Ever made a crypto transaction? If so, there was probably some delay. During this delay, the transaction was still unconfirmed, in the mempool. This mempool is can be compared to a waiting room.

The mempool (short for memory pool) is a crucial element in sending and receiving crypto transactions. It is a database of transactions that have not yet been confirmed or are currently being processed. In this article, we will take a closer look at how transactions are processed and what exactly the mempool is all about.

What does the mempool do?

A mempool is an important part of how a blockchain node works. We'll try to explain this as simply as possible.

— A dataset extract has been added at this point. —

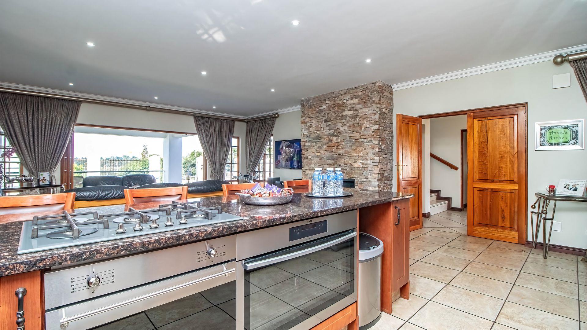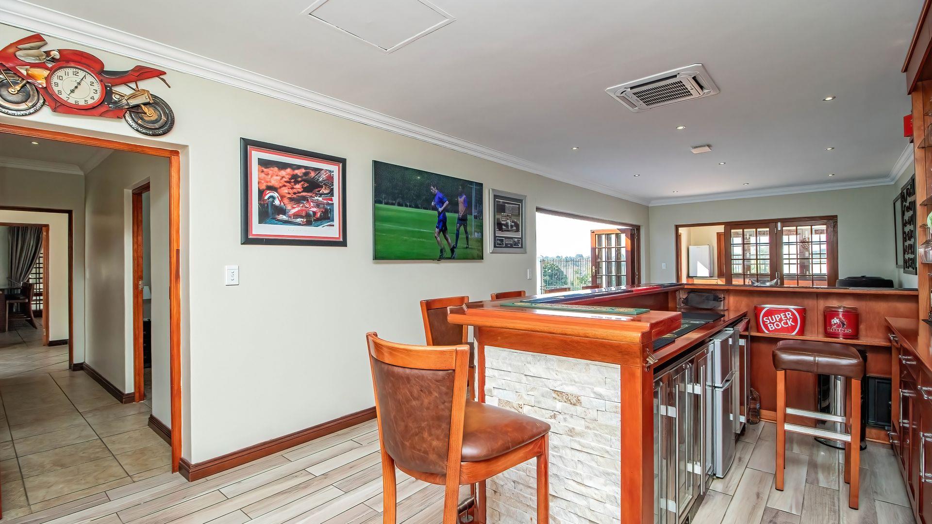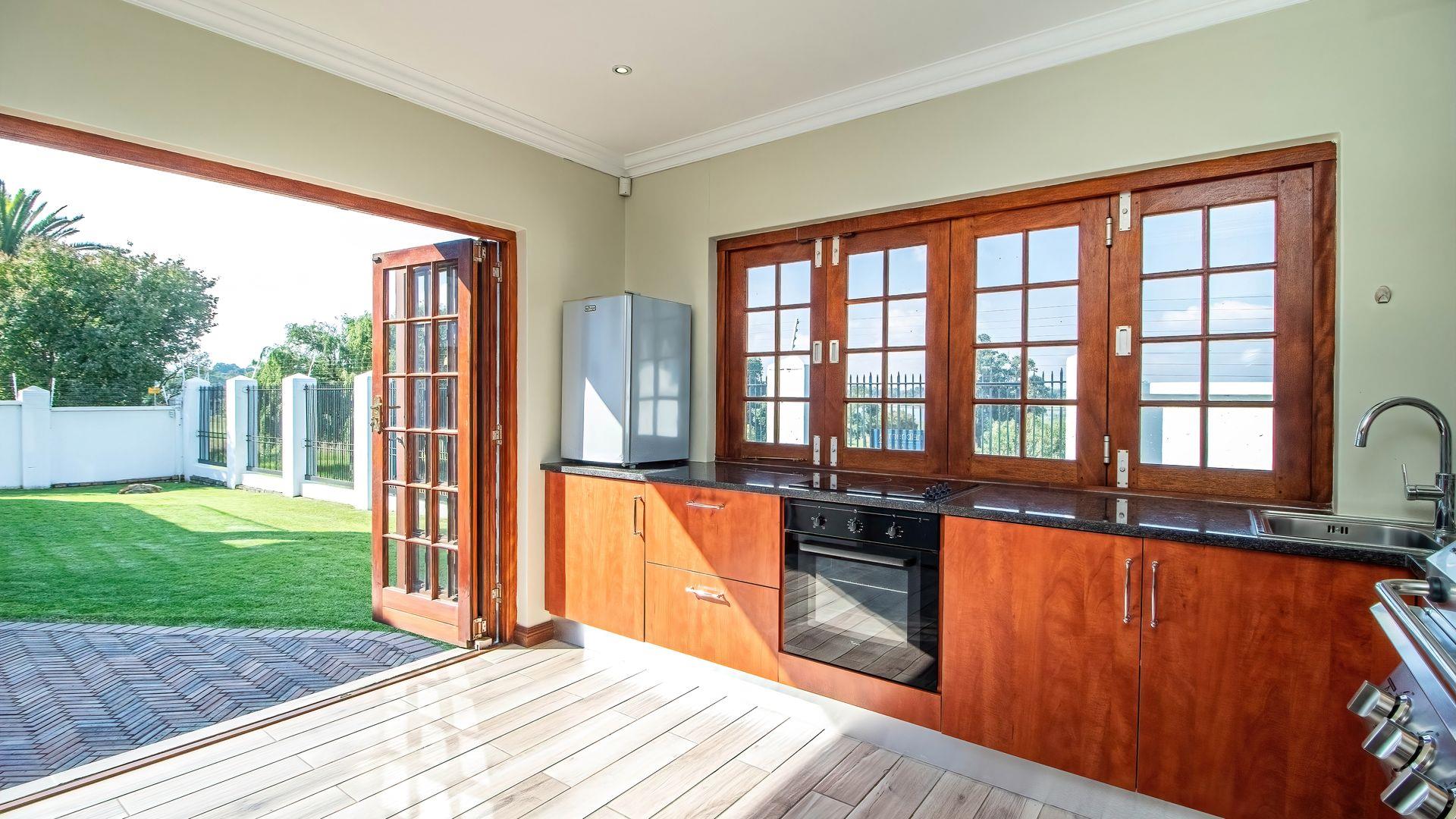 At the heart of the home lies a beautifully appointed open‐plan kitchen, complemented by a separate laundry for convenience. The kitchen flows naturally into the lounge, where a fireplace adds warmth and character. A dedicated dining room provides a formal space for family meals or entertaining, while the lounge opens onto a covered patio overlooking the landscaped garden, a tranquil setting for outdoor living. For those who enjoy entertaining, the property offers a solid‐wood bar and a purpose‐built braai room. This space is fully equipped with oven, hob, extractor fan, prep bowl, and stacker doors that extend the entertainment area seamlessly into the garden.

Every transaction must be confirmed in a new block on the blockchain. But, not just anyone can create a new block. On proof-of-work blockchains like Bitcoin, miners create new blocks. On proof-of-stake blockchains like Ethereum, this is done by validators. Only when such a validator or miner confirms the new block with transactions, then the transaction becomes final. In the meantime, the transaction sits in the "waiting room" waiting for a validator or miner.

So there is not one mempool: for example, Bitcoin and Ethereum already have separate mempools. And the nodes within the network have mempools. Just Bitcoin already has thousands of mempools - which are always supposed to be equal to each other. At mempool.space, they have created a visualization of the Bitcoin mempool, which also gives a prediction of the time until the next block.

When does a transaction enter and exit the mempool?

The moment someone initiates a new transaction, it arrives at a node. This node signals to the other nodes that there is a new transaction in the mempool, so everyone can update their mempool so they all have the same data.

The transaction is first given the queued status. It is not on the blockchain, yet. Nodes in the network will check if it's a valid transaction: for example, is there enough balance to complete the transaction? In addition, they look at:

  • Does it comply with the current protocol?
  • Is the receiving address valid?
  • Is the signature valid?
  • Is the crypto not being duplicated?

If everything is correct, the transaction gets a new status: pending. Now the pending transaction waits to be put into the next block. The recipient will only receive the transaction once it has been confirmed in a new block. At this point, the transaction is removed from everyone's mempool.

Tracking a transaction

When people buy or sell crypto at a crypto exchange such as Bitvavo or Coinbase, these transactions are usually combined with other customers' transactions. By bundling multiple transactions on their platform into one, they can keep the cost per user low. The downside to this, is that the specific transaction cannot be identified in the mempool or even on the blockchain.

With Blockrise, on the other hand, each individual transaction is recorded on the blockchain. This makes it very clear to verify where the transaction is: still waiting in the mempool, or already confirmed in a block.

The information provided in our articles is intended solely for general informational purposes and does not constitute (financial) advice.